▸ **REQUIREMENT**: From the records below, extract only the lines running from the line with "Кадр из фильма" to the line with "Engenharia de medição", both lines included, reproducing them exactly.

Start of Block

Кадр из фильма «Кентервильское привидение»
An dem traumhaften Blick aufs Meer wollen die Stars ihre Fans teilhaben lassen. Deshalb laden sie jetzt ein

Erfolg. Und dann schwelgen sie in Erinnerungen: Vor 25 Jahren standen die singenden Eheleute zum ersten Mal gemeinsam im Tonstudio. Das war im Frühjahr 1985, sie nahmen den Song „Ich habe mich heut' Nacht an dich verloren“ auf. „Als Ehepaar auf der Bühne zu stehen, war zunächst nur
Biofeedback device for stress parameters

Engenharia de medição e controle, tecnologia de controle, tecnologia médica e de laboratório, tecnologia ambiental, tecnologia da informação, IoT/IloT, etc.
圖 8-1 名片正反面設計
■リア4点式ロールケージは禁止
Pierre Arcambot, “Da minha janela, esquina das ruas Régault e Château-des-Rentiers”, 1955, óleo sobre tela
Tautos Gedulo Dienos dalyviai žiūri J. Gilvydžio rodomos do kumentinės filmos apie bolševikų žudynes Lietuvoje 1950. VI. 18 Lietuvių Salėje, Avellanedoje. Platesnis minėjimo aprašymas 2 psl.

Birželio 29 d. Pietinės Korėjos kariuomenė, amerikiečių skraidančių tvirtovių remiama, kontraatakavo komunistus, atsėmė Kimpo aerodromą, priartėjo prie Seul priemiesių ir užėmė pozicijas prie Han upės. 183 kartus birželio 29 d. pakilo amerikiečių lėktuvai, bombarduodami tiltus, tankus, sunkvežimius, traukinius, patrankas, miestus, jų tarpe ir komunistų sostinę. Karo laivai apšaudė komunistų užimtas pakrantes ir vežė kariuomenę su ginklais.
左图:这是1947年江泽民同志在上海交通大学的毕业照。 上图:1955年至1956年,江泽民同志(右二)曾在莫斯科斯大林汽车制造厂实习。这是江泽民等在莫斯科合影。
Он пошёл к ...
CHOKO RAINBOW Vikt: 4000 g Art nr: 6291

End of Block
Start of Block

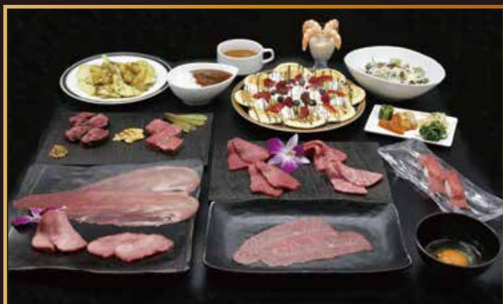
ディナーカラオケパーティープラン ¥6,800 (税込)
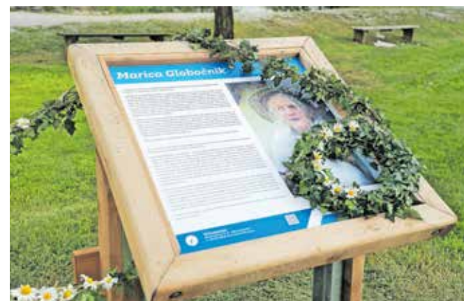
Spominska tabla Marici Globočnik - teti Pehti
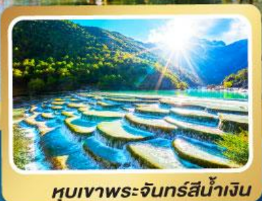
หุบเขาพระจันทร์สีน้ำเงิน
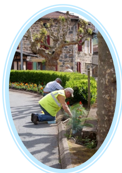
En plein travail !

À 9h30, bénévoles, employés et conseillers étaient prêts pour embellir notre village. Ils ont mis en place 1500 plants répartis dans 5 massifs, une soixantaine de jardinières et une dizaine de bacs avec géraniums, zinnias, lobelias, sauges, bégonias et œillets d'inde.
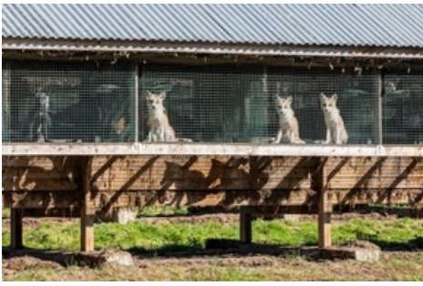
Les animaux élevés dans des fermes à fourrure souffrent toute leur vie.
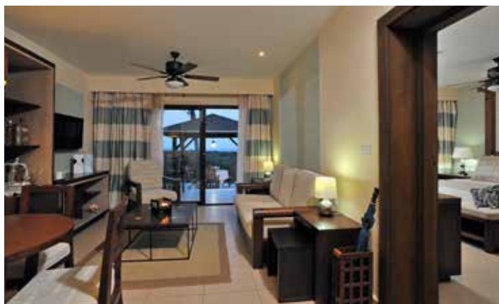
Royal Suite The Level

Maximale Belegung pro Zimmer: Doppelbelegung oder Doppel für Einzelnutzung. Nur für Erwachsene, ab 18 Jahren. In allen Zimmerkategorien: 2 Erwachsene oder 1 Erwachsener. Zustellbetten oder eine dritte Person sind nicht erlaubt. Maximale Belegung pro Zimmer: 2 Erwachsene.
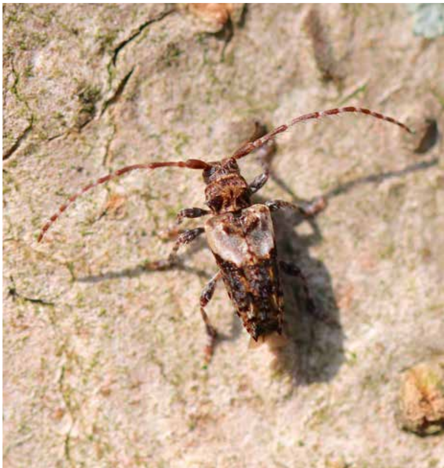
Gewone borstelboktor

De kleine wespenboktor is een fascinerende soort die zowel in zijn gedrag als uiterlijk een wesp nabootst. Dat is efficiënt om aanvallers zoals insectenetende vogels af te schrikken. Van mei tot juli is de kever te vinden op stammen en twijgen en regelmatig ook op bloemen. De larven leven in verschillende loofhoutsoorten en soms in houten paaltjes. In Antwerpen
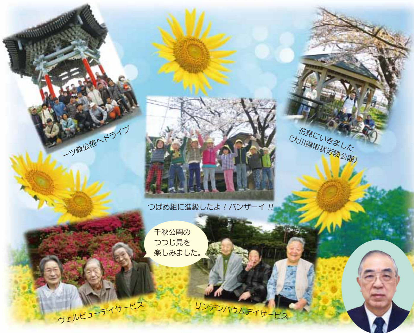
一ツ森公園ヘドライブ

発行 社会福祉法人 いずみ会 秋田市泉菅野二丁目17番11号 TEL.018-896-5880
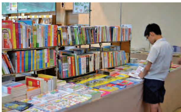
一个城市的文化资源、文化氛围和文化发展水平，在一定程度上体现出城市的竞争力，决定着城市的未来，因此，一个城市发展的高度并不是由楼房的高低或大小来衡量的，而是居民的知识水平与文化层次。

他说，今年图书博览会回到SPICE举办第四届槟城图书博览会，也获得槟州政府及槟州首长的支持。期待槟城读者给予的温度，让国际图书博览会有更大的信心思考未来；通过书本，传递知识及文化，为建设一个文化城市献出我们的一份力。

End of Block
Start of Block

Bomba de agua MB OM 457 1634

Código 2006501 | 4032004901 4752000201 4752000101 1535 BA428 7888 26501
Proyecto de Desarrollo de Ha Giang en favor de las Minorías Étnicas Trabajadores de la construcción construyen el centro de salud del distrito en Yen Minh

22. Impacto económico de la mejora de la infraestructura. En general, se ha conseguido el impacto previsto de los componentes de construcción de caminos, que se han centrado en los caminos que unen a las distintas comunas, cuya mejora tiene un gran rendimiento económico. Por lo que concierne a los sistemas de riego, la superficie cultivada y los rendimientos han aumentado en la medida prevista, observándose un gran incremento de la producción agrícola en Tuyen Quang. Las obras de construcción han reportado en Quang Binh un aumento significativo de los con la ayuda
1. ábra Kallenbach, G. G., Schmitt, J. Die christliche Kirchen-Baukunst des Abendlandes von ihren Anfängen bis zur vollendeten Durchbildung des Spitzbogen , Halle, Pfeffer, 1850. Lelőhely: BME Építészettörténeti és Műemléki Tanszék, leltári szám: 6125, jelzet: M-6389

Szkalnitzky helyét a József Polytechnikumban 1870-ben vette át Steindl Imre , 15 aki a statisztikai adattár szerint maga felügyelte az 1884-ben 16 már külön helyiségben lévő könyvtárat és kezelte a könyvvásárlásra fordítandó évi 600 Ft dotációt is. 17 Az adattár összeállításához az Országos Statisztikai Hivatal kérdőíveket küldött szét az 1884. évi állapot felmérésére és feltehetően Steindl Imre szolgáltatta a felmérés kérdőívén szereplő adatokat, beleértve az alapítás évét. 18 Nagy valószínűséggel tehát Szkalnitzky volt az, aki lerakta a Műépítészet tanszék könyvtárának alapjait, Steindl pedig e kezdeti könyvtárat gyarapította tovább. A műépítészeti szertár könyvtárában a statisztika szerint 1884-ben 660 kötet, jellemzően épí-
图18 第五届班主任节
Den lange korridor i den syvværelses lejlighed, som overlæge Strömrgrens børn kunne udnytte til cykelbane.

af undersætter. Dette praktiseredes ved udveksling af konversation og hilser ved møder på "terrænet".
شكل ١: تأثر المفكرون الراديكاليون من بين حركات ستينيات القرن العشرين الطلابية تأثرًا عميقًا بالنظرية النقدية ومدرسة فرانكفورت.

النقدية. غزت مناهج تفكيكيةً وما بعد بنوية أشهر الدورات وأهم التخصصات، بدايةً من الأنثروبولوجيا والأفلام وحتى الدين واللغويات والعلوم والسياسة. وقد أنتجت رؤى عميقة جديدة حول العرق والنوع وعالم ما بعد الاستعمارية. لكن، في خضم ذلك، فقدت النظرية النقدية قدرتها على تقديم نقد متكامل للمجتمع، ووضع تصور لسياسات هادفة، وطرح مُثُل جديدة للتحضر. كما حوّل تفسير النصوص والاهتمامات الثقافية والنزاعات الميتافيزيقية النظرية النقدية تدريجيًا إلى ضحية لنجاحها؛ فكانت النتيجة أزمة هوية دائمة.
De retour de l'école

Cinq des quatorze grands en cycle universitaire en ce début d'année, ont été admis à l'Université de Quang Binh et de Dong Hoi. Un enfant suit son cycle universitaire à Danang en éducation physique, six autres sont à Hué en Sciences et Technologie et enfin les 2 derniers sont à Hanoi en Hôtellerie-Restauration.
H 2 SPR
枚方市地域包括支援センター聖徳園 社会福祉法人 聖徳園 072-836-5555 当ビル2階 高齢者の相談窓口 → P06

End of Block

▸ **SOLVED EXERCISE**:
Кадр из фильма «Кентервильское привидение»
An dem traumhaften Blick aufs Meer wollen die Stars ihre Fans teilhaben lassen. Deshalb laden sie jetzt ein

Erfolg. Und dann schwelgen sie in Erinnerungen: Vor 25 Jahren standen die singenden Eheleute zum ersten Mal gemeinsam im Tonstudio. Das war im Frühjahr 1985, sie nahmen den Song „Ich habe mich heut' Nacht an dich verloren“ auf. „Als Ehepaar auf der Bühne zu stehen, war zunächst nur
Biofeedback device for stress parameters

Engenharia de medição e controle, tecnologia de controle, tecnologia médica e de laboratório, tecnologia ambiental, tecnologia da informação, IoT/IloT, etc.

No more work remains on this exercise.